La planeación que ocurre en el Capitalismo sin ser ampliamente
reconocida como tal, es la planeación de cada
participante individual en el sistema económico.
Cada individuo que piensa en un curso de acción económica que
podría ser de beneficio para él y el cómo llevarlo a cabo está
realizando planeación económica. Los
individuos planean comprar casas, automóviles, electrodomésticos e incluso víveres.
Planean para qué trabajos entrenarse y dónde ofrecer y aplicar
las habilidades que poseen. Las
empresas planean la introducción de nuevos productos o el descontinuar los
existentes; planean cambiar sus métodos productivos o continuar usando
los actuales: planean abrir
sucursales o cerrarlas; planean contratar nuevos trabajadores o despedir
actuales; planean incrementar
sus inventarios o disminuirlos. Aún
más ejemplos de planeación rutinaria y del día a día por individuos y
empresas pueden ser encontrados. La planeación económica privada ocurre en todas partes a
nuestro alrededor y todos participan de ella.

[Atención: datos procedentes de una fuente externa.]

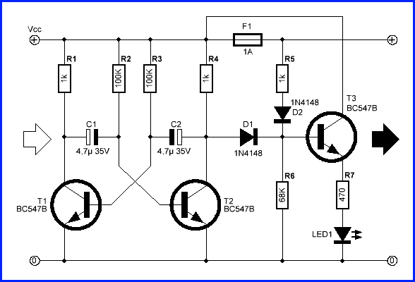 Está compuesto por tres transistores bipolares muy comunes, dos condensadores, dos diodos, un LED y unas pocas resistencias. Observa el esquema con detenimiento. Para verlo a un tamaño mayor y con más comodidad, clica sobre él y se abrirá una nueva ventana.
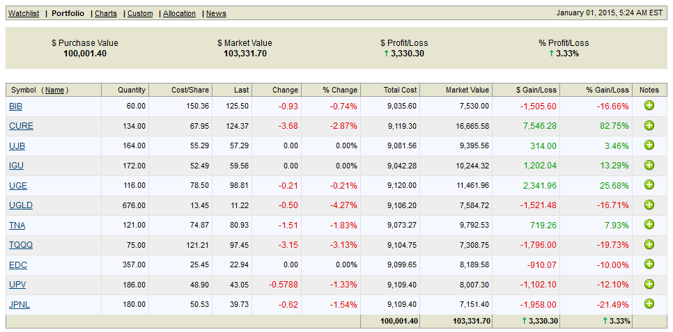 Update 1/4/2015: Say goodbye to 2014, the year of nothing specifically working except holding everything. Obviously, the adroit speculator was able to generate income in various and specific asset classes. However, the casual investor trying to pick stocks or even the majority of hedge fund managers were both trounced again by a levered ETF of the S&P 500. So much for trying to follow the trend while also also trying to be contrarian. That little thought experiment crashed and burned. I have a strong suspicion that indexing ain’t gonna be as easy as it’s been the last 2 years but who knows. I’ll leave these results up for the rest of the month and then bid adieu to this specific page regarding the 2014 experimental portfolios. Maybe I’ll come up with something else to add to the site, but at the rate I’ve been posting, don’t get your hopes up. Good luck in 2015, muppets!
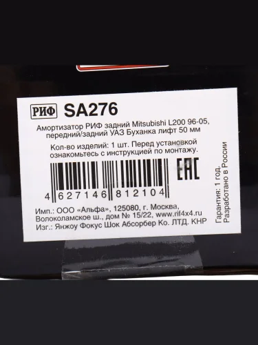 | Наименование | Амортизатор MITSUBISHI L200 (96-05),УАЗ-3151 задний (лифт 50мм) РИФ в Уфе Республике Башкортостан |
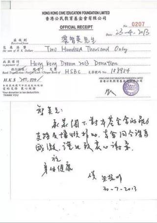 2014年7月21日,一位署名為「壹傳媒股民」的神秘人士向香港媒體披露了800多份黎智英與Mark Simon的郵件紀錄,曝光了黎智英的一些捐款和收款單據,當中包括黎向朱耀明開出20萬元支票,支票抬頭是「香港公民教育基金會」,而朱耀明則回信給黎智英,感謝他的「慷慨捐助」。
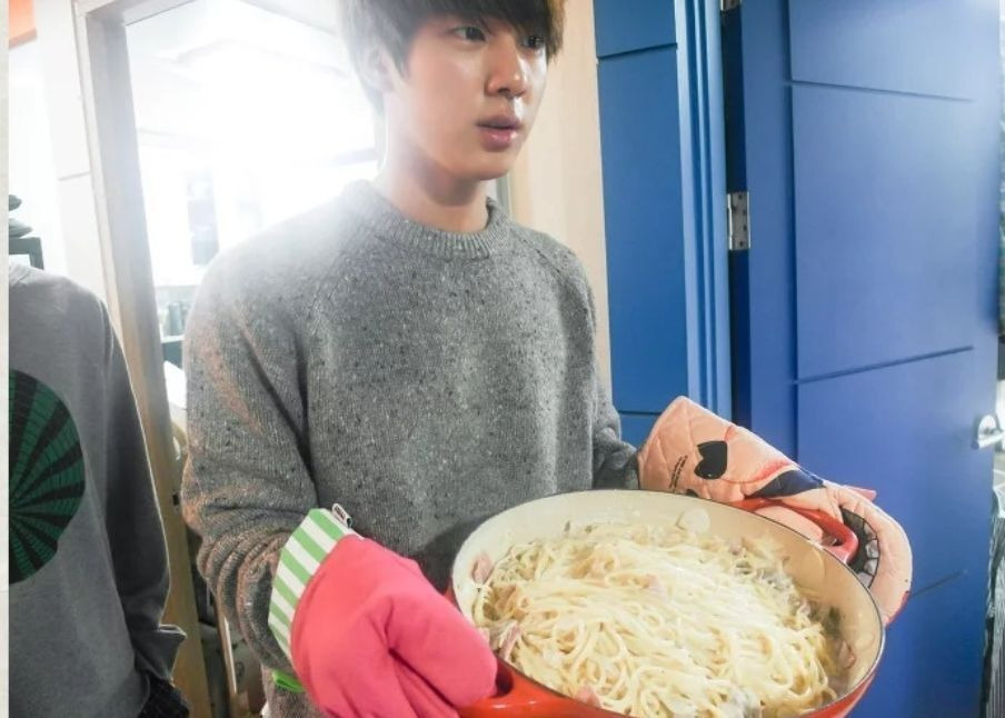 진 어머니가 새해에 아들이 떡국 못먹으면 슬퍼하신다고 진이 숙소에서 요리함ㅋㅋㅋㅋ
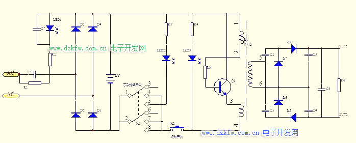 此款是帶有充電功能的電蚊拍,前半部分為簡單的充電電路主要由4個二極管和一個發光二級管構成,當電源充電完成時LED1發光。后半部分電路也由高頻振蕩電路、四倍壓的整流電路和高壓電網組成。
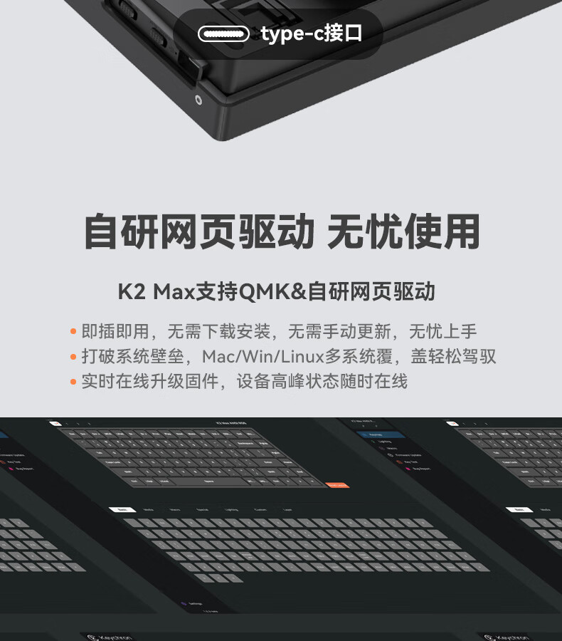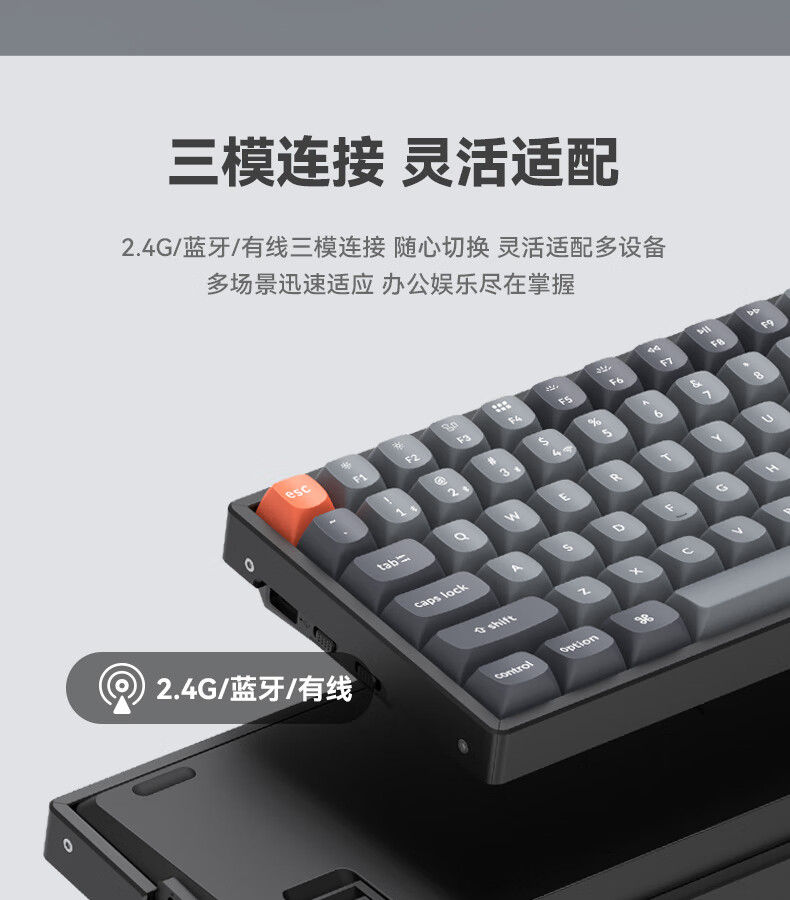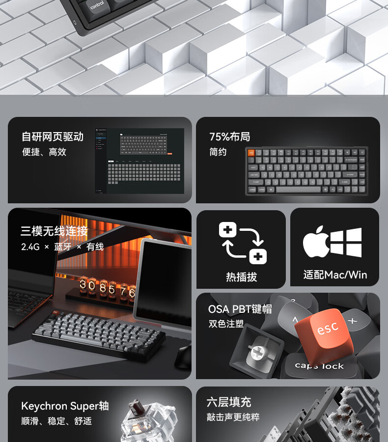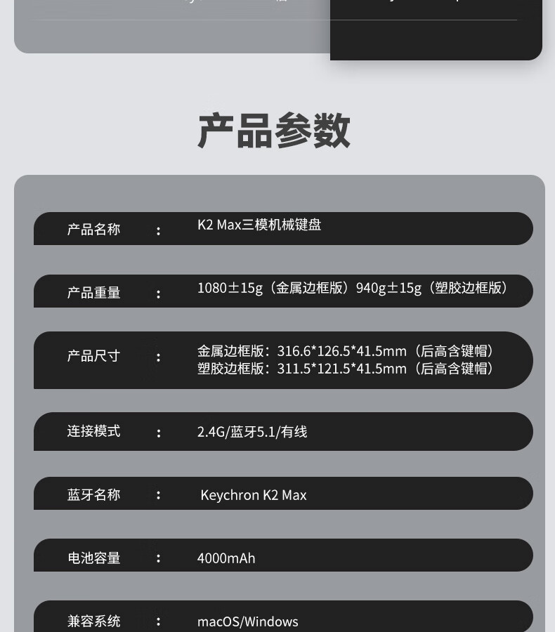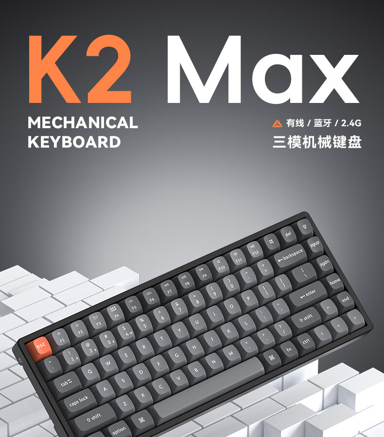 keychron渴创 K2Max 机械键盘 无线三模键盘 客制化键盘 Mac蓝牙键盘 QMK/VIA开源改键 适配游戏办公 黑色 K2Max 不可插拔 白光 茶轴

Pero, para todos excepto los alumnos de Mises, es invisible.
Para aquellos que ignoran las enseñanzas de Mises, la planeación
económica es la potestad del gobierno. Una
gigantesca y extensiva planeación económica privada no solamente existe,
si no que es totalmente coordinada,
integrada y armónica para producir un sistema económico
cohesivamente planificado. El
medio por el cual esto ocurre es el
sistema de precios. Toda
la planeación económica de los individuos y las empresas privadas tiene
lugar sobre la base de una consideración de precios –constituyendo éstos
costos y también utilidades o ingresos.
Los individuos que planean comprar bienes o servicios de cualquier
tipo siempre consideran los precios de esos bienes y servicios y están
listos a cambiar sus planes dado un cambio de precios.
Los individuos que planean vender bienes o servicios siempre
consideran los precios que pueden esperar por éstos y están también
listos a cambiar sus planes si ocurre un cambio en los precios.
Las empresas desde luego, basan sus planes en una consideración
tanto de los ingresos por ventas y los costos -por tanto de los precios
que conforman a ambos- y están listas para cambiar sus planes en
respuesta a los cambios en la rentabilidad. De
esta forma -por ejemplo- cuando mi esposa y yo nos trasladamos
originalmente a California, nuestro plan de vivienda era comprar una casa
en una loma con vista al Océano Pacífico. Pero luego de aprender sobre los precios de tales casas, rápidamente
decidimos que necesitábamos revisar nuestro plan y buscar más bien una
casa varios kilómetros tierra adentro.
De esta forma, fuimos alentados a cambiar nuestro plan de vivienda
de forma en que armonizara con los planes de otras personas, quienes también
planeaban comprar el tipo de casa que originalmente planeábamos tener,
pero adicionalmente, estaban dispuestos y podían comprometer más dinero
para su plan que nosotros al nuestro.
Las ofertas más altas de otros y nuestra consideración de
aquellas generó una armonización de nuestro plan de vivienda con el de
ellos. Similarmente,
un cándido estudiante de primeros años de universidad puede tener planes
de estudios que le llevarían a especializarse en literatura francesa
medieval o poesía del Renacimiento.
Pero en algún momento antes del final de su carrera, llega a darse
cuenta de que si persiste en tal plan de carrera, puede esperar vivir su
vida en una buhardilla. Por
otro lado si cambia su plan de carrera y se especializa en un campo tal
como la contabilidad o la ingeniería, puede esperar vivir de forma
bastante confortable. De esa
forma entonces cambia su plan de carrera y especialidad.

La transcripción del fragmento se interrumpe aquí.